What happens in your case if you go to Definitions & Users > Authentication Services > Advanced > Active Directory Group Membership Synchronization > Synchronize Now. Is the error also thrown in frontend (webadmin)?
Thanks,
Bianca
Cancel
Vote Up 0 Vote Down

Sign in to reply

Verify Answer

Cancel
0 DavidRa over 11 years ago in reply to Tinkerbell

Thanks for the update. I'll post fallback.log tonight (approx now+9h).
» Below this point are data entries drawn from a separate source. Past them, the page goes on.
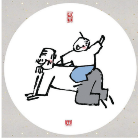
人在履行职责中得到幸福 就像一个人驮着东西可心头的很舒服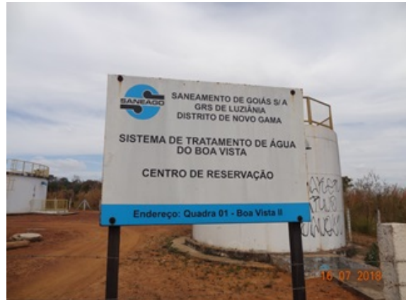
Foto 8 - C.R. Boa Vista identificado.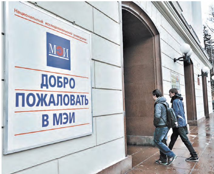
Первая в Европе кафедра атомных электростанций была открыта в 1956 году в МЭИ.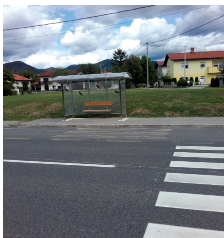
Urejeno avtobusno postajališče Zemonska vaga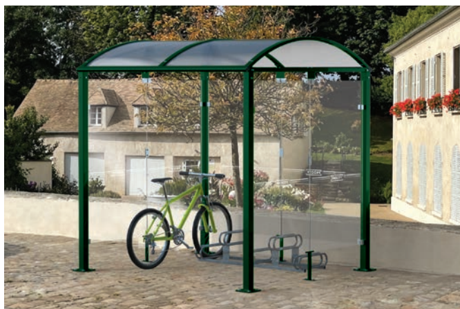
Réf. 529022 + 204719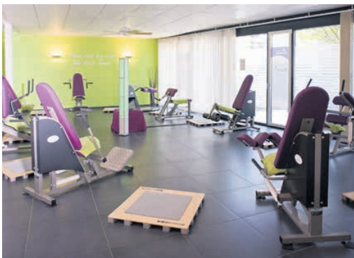
AMIGA Fitness Dianastrasse 3 | Gossau | Tel. 071 383 93 93 oder E-Mail info@amiga-fitness.ch | www.amiga-fitness.ch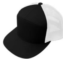
Negro / Blanco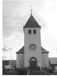
St. Johannes Ev. Gernsdorf St.-Johann-Str. 10 57234 Wilnsdorf

Taizégebet mit dem Friedenslicht aus Betlehem: Der Taizékreis Oberes Johannland lädt zu einem ökumenischen Friedensgebet am Freitag, 20. Dezember , um 19 Uhr in die ev. Kirche Rudersdorf ein. Während des Gebetes wird das Friedenslicht weitergegeben. Wer es als Friedenszeichen mit nach Hause nehmen möchte, bringe bitte eine Laterne o.ä. mit. Gerade in unserer Zeit, da wir täglich von Kriegen, Gewalt und Hass hören, ist es uns ein besonderes Anliegen, für den Frieden zu beten und durch das Licht, das von Betlehem aus in viele Länder getragen wird, ein Zeichen der Verbundenheit zu setzen. Anschließend Beisammensein oder stilles Verweilen in der Kirche.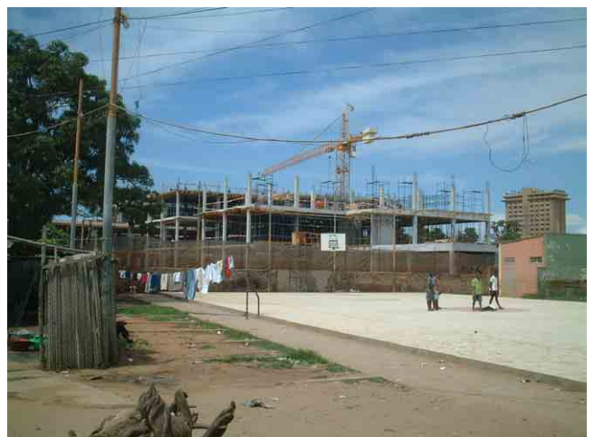
36 大規模病院の建設現場。ポルトガル系大手建設会社 Somague 社の施工。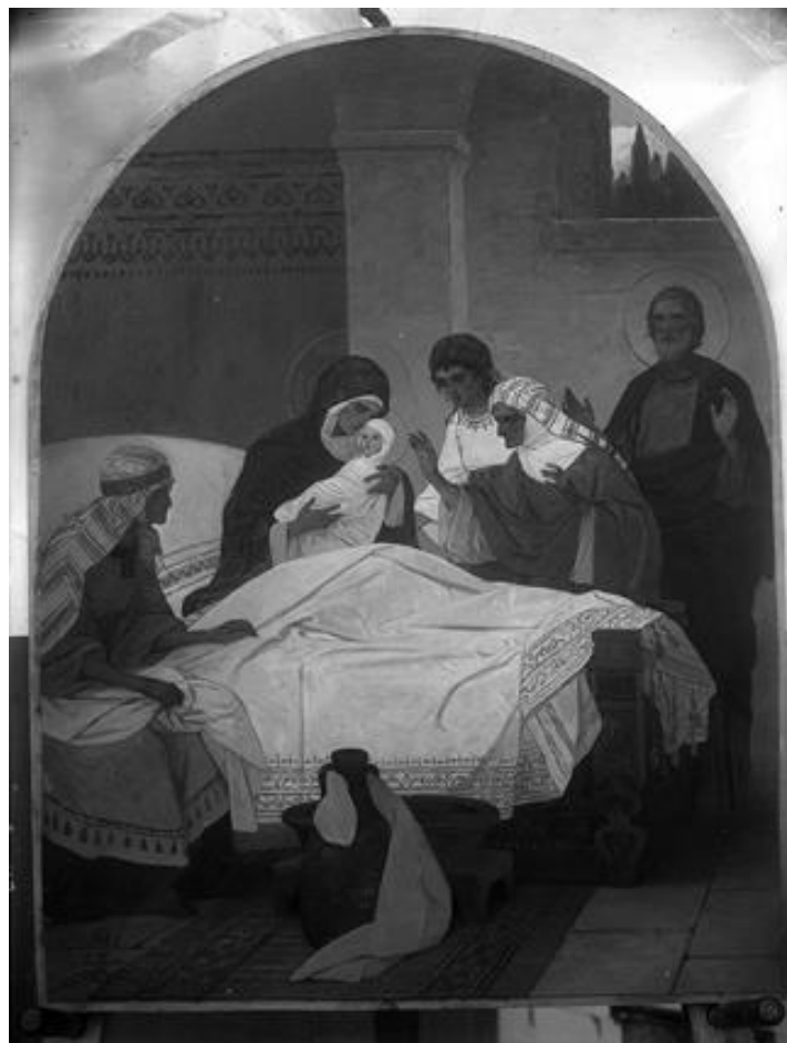
Рис. 3. Г. Попов. Різдво Пресвятої Богородиці. Ікона іконостаса церкви Преподобних Антонія і Феодосія Печерських з Трапезною палатою. 1907–1908. Мідь, олія. Негатив початку ХХ ст.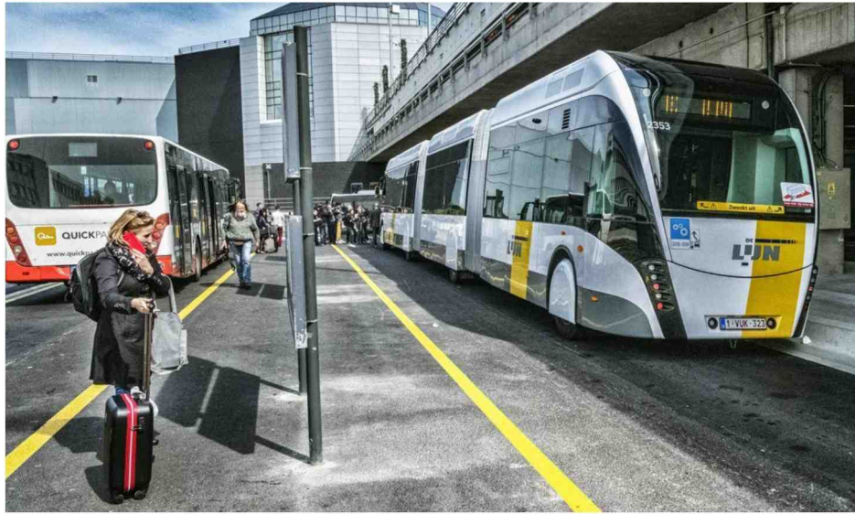
Op de ringlijn rond Brussel worden vandaag al trambussen ingezet (hier aan de luchthaven van Zaventem).

Doorbraak in het Spartacusplan: de trambus Hasselt-Genk-Maasmechelen zal over de grote ring in Hasselt lopen. Voor de lijn Hasselt-Maastricht moet een nieuwe studie de knoop tram/trambus doorhakken.

I do receive the error as an email, about every 2 hours. I did run the Synchronise Now task in the Web UI, and I received the same alert email, but I'm not sure if the error popped in the UI. I'll check that one tonight.
Cancel
Vote Up 0 Vote Down

Sign in to reply

Verify Answer

Cancel
0 MarkMurphy over 11 years ago

I get this also. Here is the log with the errors

[daemon[:D]ebug] rrdcached[3674]:  rotating journals
2013:11:25-22:01:07 edge [daemon[:D]ebug] rrdcached[3674]:  started new journal /var/log/reporting/rrd/rrd.journal.1385434867.121781
2013:11:25-22:01:07 edge [daemon[:D]ebug] rrdcached[3674]:  removing old journal /var/log/reporting/rrd/rrd.journal.1385427667.121795
2013:11:25-22:01:38 edge [daemon:notice] rrdcached[3674]:  handle_request_update: stat (/var/log/reporting/rrd/atp_named.rrd) failed.
2013:11:25-22:01:44 edge [local0:info] [ctipd] [5096]: CEnginesContainer::UpdateSettings() - Updating
2013:11:25-22:01:44 edge [local0:info] [ctipd] [5096]: CEnginesContainer::UpdateSettings() - Updating
2013:11:25-22:01:46 edge [local0:info] [ctipd] [5096]: CIpRepCache::Save() - Saved to file /tmp/ctipd.cache
2013:11:25-22:01:46 edge [local0:info] [ctipd] [5096]: CIpRepCache::Save() - Saved to file /tmp/ctipd.cache_v6
2013:11:25-22:03:32 edge [daemon:info] admin-reporter[3971]:  Successful WebAdmin login
2013:11:25-22:06:38 edge [daemon:notice] rrdcached[3674]:  handle_request_update: stat (/var/log/reporting/rrd/atp_named.rrd) failed.
2013:11:25-22:11:38 edge [daemon:notice] rrdcached[3674]:  handle_request_update: stat (/var/log/reporting/rrd/atp_named.rrd) failed.
2013:11:25-22:16:38 edge [daemon:notice] rrdcached[3674]:  handle_request_update: stat (/var/log/reporting/rrd/atp_named.rrd) failed.
2013:11:25-22:18:15 edge [daemon:info] admin-reporter[3971]:  Successful WebAdmin login
2013:11:25-22:19:01 edge [daemon:notice] ad-sid-sync.pl[21318]:  [ad-sid-sync] Started in full mode
2013:11:25-22:19:01 edge [daemon:notice] ad-sid-sync.pl[21318]:  [ad-sid-sync] Syncing 1 server(s)
2013:11:25-22:19:01 edge [daemon:notice] ad-sid-sync.pl[21318]:  [ad-sid-sync] Syncing 2 adirectory group(s)
2013:11:25-22:19:55 edge [daemon:notice] ad-sync.pl[21415]:  [ad-sync] started
2013:11:25-22:20:25 edge [daemon:err] ad-sync.pl[21415]:  [ad-sync] error returned from samba command on HOMEUSE.LOCAL
2013:11:25-22:20:55 edge [daemon:err] ad-sync.pl[21415]:  [ad-sync] error returned from samba command on HOMEUSE.LOCAL
2013:11:25-22:20:55 edge [daemon:err] ad-sync.pl[21415]:  [ad-sync] failed to run samba command on HOMEUSE.LOCAL, exiting now
2013:11:25-22:21:38 edge [daemon:notice] rrdcached[3674]:  handle_request_update: stat (/var/log/reporting/rrd/atp_named.rrd) failed.
2013:11:25-22:26:38 edge [daemon:notice] rrdcached[3674]:  handle_request_update: stat (/var/log/reporting/rrd/atp_named.rrd) failed.
Cancel
Vote Up 0 Vote Down

Sign in to reply

Verify Answer

Cancel
0 DavidRa over 11 years ago in reply to MarkMurphy

jz - perhaps there's something specific in the groups we've selected for Sync. In particular, if you are synchronising Domain Users, it's a "special" group in AD (it's generally managed as a property of the user account, the Primary Group, and its member list is generated dynamically).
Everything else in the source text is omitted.